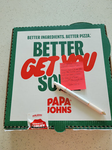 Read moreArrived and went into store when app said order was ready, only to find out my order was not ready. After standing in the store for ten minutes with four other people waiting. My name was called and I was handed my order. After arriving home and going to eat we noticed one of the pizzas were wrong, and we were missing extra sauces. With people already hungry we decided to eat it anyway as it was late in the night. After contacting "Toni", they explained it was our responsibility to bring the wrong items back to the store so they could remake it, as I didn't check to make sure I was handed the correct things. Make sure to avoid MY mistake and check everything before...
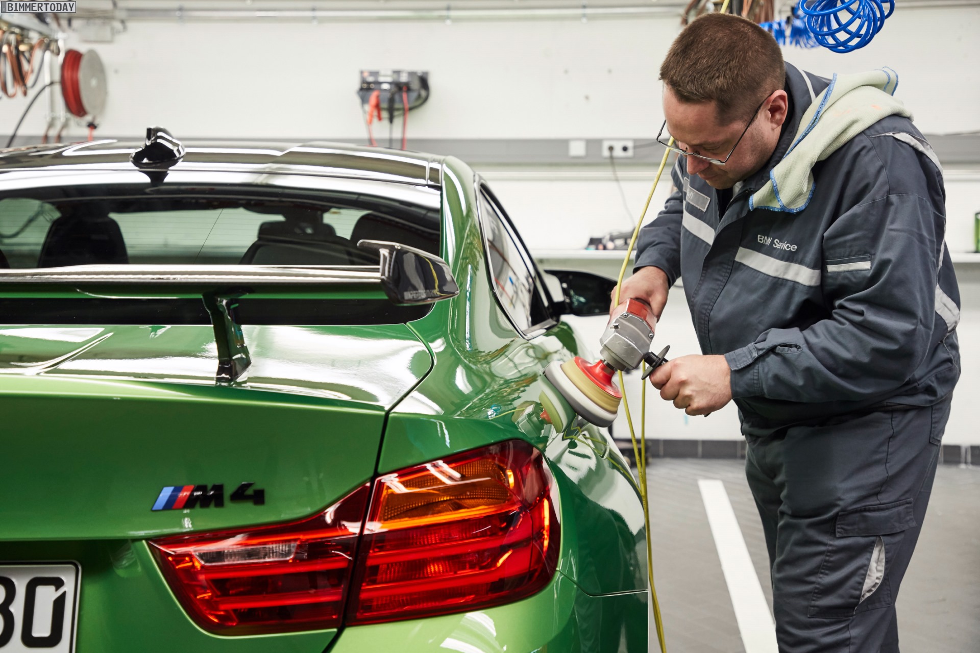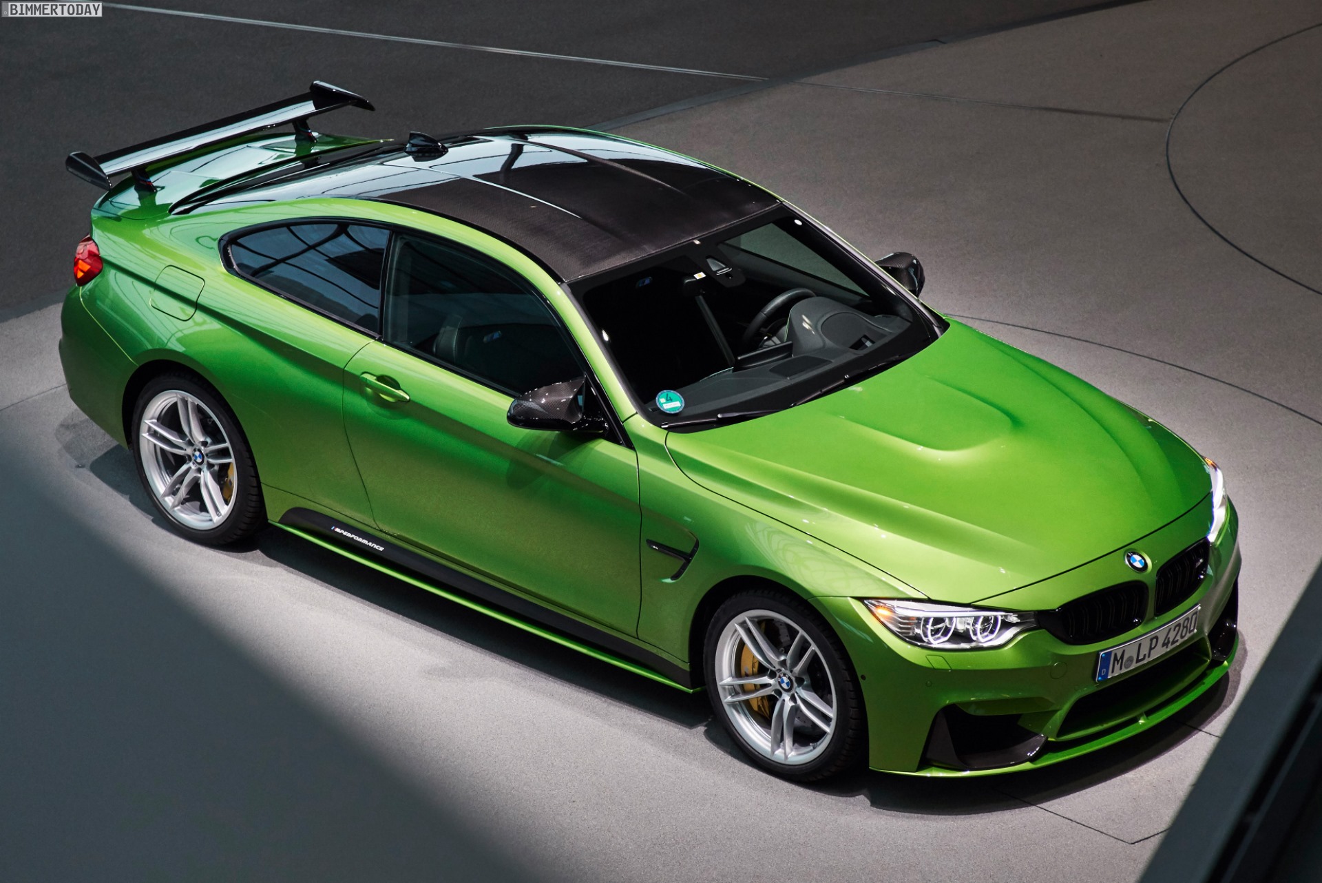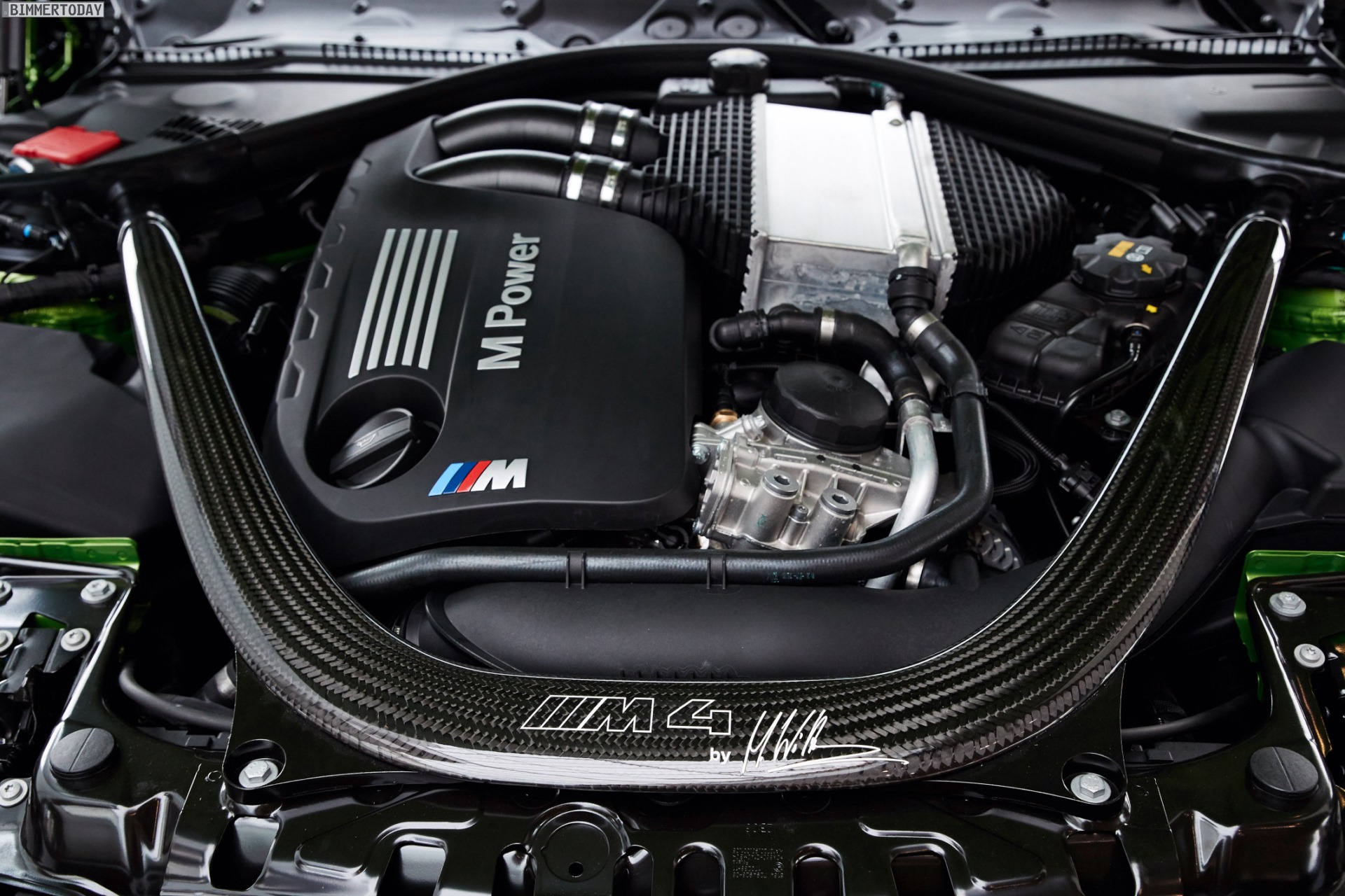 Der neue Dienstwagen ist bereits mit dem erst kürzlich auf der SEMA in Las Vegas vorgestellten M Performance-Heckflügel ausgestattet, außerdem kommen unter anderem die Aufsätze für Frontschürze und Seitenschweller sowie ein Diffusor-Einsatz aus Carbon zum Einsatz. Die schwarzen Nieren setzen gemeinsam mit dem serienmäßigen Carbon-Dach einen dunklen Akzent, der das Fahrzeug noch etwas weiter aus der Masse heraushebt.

...

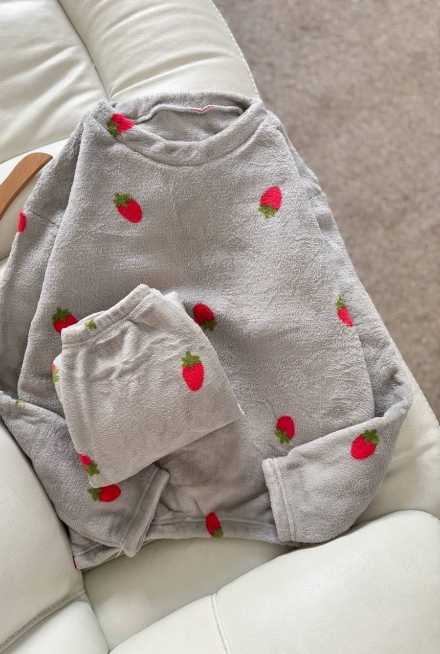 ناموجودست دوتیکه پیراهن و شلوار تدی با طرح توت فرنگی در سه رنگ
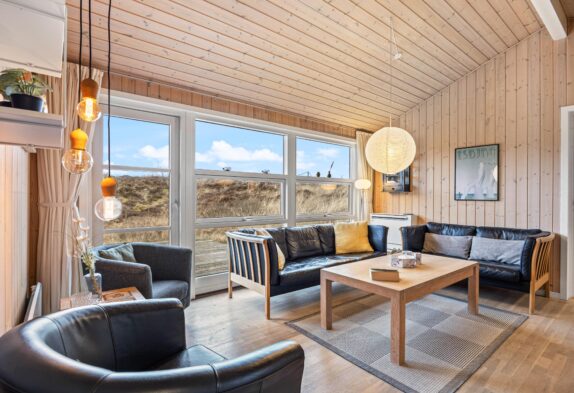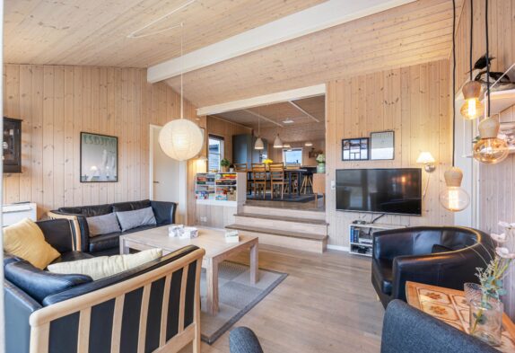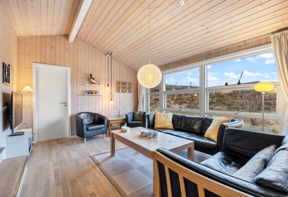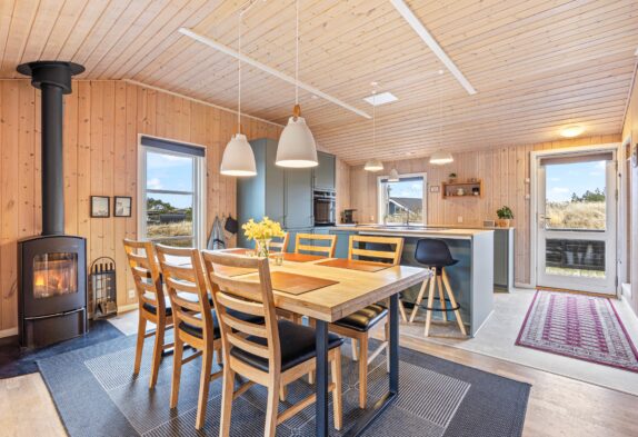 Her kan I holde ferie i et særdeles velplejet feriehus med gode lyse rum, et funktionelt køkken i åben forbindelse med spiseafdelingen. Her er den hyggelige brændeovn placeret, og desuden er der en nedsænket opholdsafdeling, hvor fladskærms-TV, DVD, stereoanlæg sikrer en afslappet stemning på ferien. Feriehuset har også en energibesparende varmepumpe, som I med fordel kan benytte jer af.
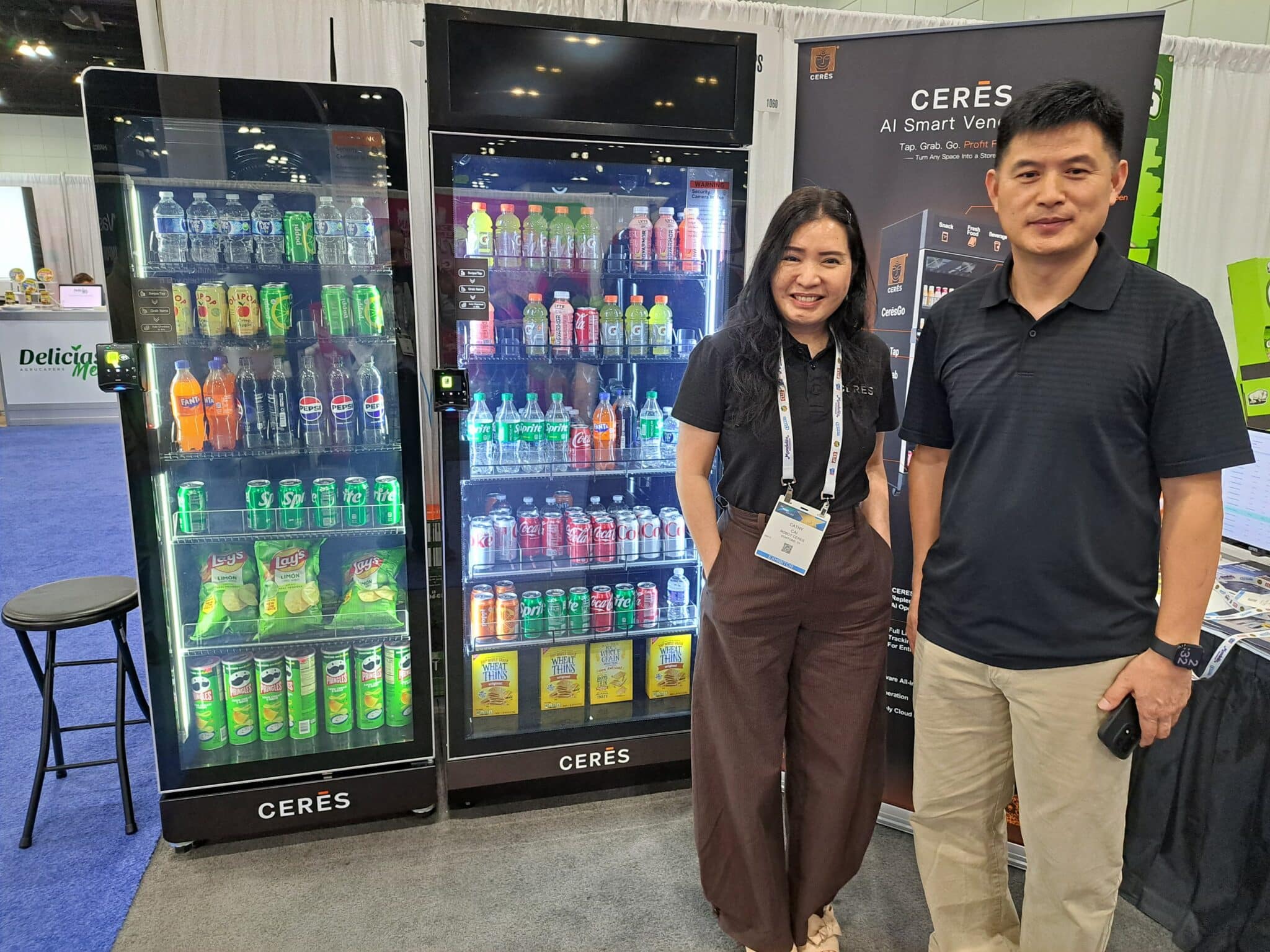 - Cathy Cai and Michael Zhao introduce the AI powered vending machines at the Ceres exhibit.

• **WORK TASK**: Beginning at the line above that contains "Read moreArrived and" and going on through the line that contains "Der neue Dienstwagen", please copy every line exactly, leaving the pictures out and adding nothing.

• **WRITTEN SOLUTION**:
 Read moreArrived and went into store when app said order was ready, only to find out my order was not ready. After standing in the store for ten minutes with four other people waiting. My name was called and I was handed my order. After arriving home and going to eat we noticed one of the pizzas were wrong, and we were missing extra sauces. With people already hungry we decided to eat it anyway as it was late in the night. After contacting "Toni", they explained it was our responsibility to bring the wrong items back to the store so they could remake it, as I didn't check to make sure I was handed the correct things. Make sure to avoid MY mistake and check everything before...
 Der neue Dienstwagen ist bereits mit dem erst kürzlich auf der SEMA in Las Vegas vorgestellten M Performance-Heckflügel ausgestattet, außerdem kommen unter anderem die Aufsätze für Frontschürze und Seitenschweller sowie ein Diffusor-Einsatz aus Carbon zum Einsatz. Die schwarzen Nieren setzen gemeinsam mit dem serienmäßigen Carbon-Dach einen dunklen Akzent, der das Fahrzeug noch etwas weiter aus der Masse heraushebt.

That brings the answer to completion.